Personal information
- Full name: Anastasia Vasilyevna Martiusheva
- Born: 17 March 1995 (age 31) Perm, Russia
- Home town: Moscow, Russia
- Height: 1.59 m (5 ft 3 in)

Figure skating career
- Country: Russia
- Coach: Natalia Pavlova
- Began skating: 2001

Medal record
Representing Russia
Figure skating: Pairs
Russian Championships
| Bronze medal – third place | 2012 Saransk | Pairs |
World Junior Championships
| Silver medal – second place | 2009 Sofia | Pairs |

= Anastasia Martiusheva =

Russian pair skater

Anastasia Vasilyevna Martiusheva (Анастасия Васильевна Мартюшева; born 17 March 1995) is a Russian pair skater.
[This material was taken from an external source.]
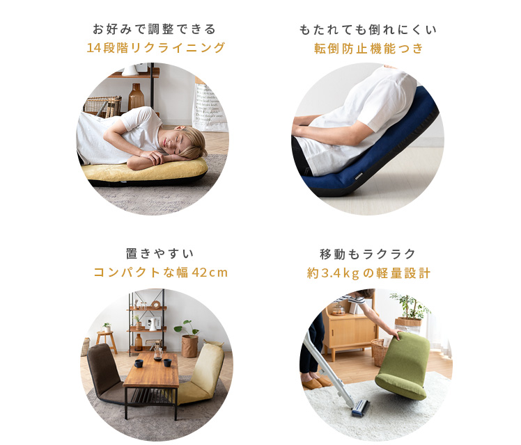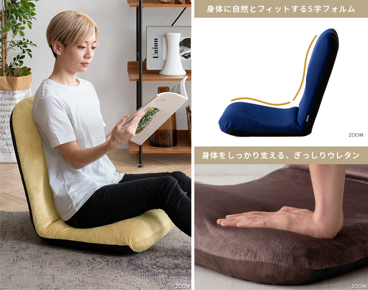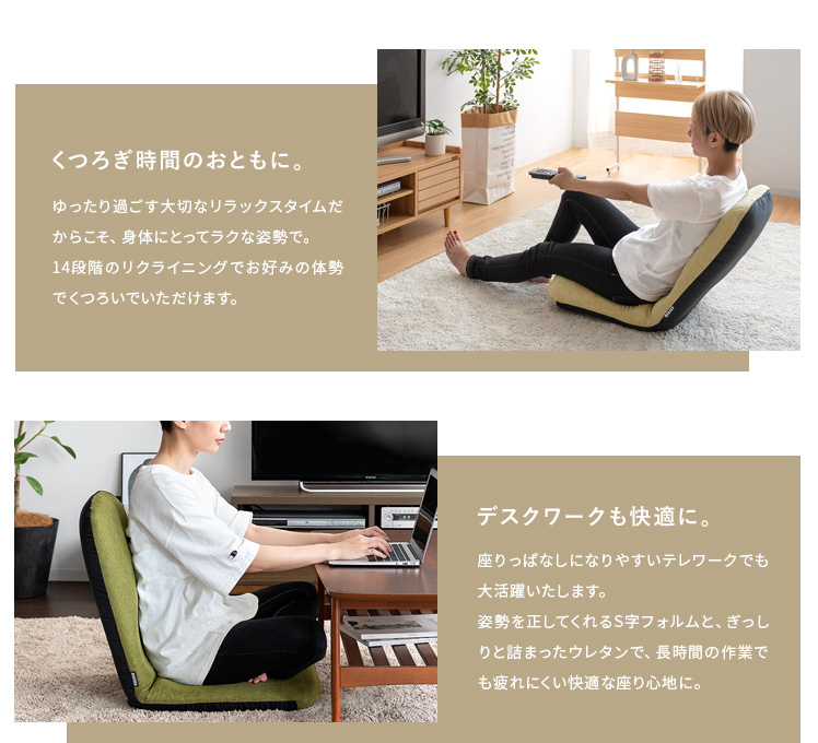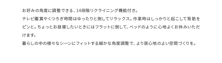 テレビ鑑賞やくつろぎ時間はゆったりと倒してリラックス。作業時はしっかりと起こして背筋をピンと。
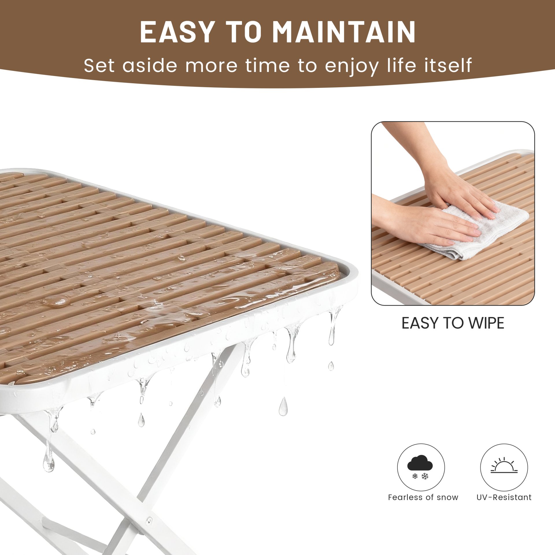 • Durability: Powder-coated metal table legs can withstand wind, rain, and humid environments without fading. The tabletop is made of polypropylene, which is stain-resistant, wear-resistant, and UV-resistant (suitable for over 17,520 hours of outdoor use).

With Alexei Rogonov, she is the 2012 Ondrej Nepela Memorial champion, a two-time (2010, 2011) Golden Spin of Zagreb champion, and the 2009 World Junior silver medalist. They are the 2012 Russian national senior bronze medalists and 2009 junior champions.

== Career ==
Martiusheva began skating at the age of five-and-a-half. Initially a singles skater, she switched to pair skating at age ten.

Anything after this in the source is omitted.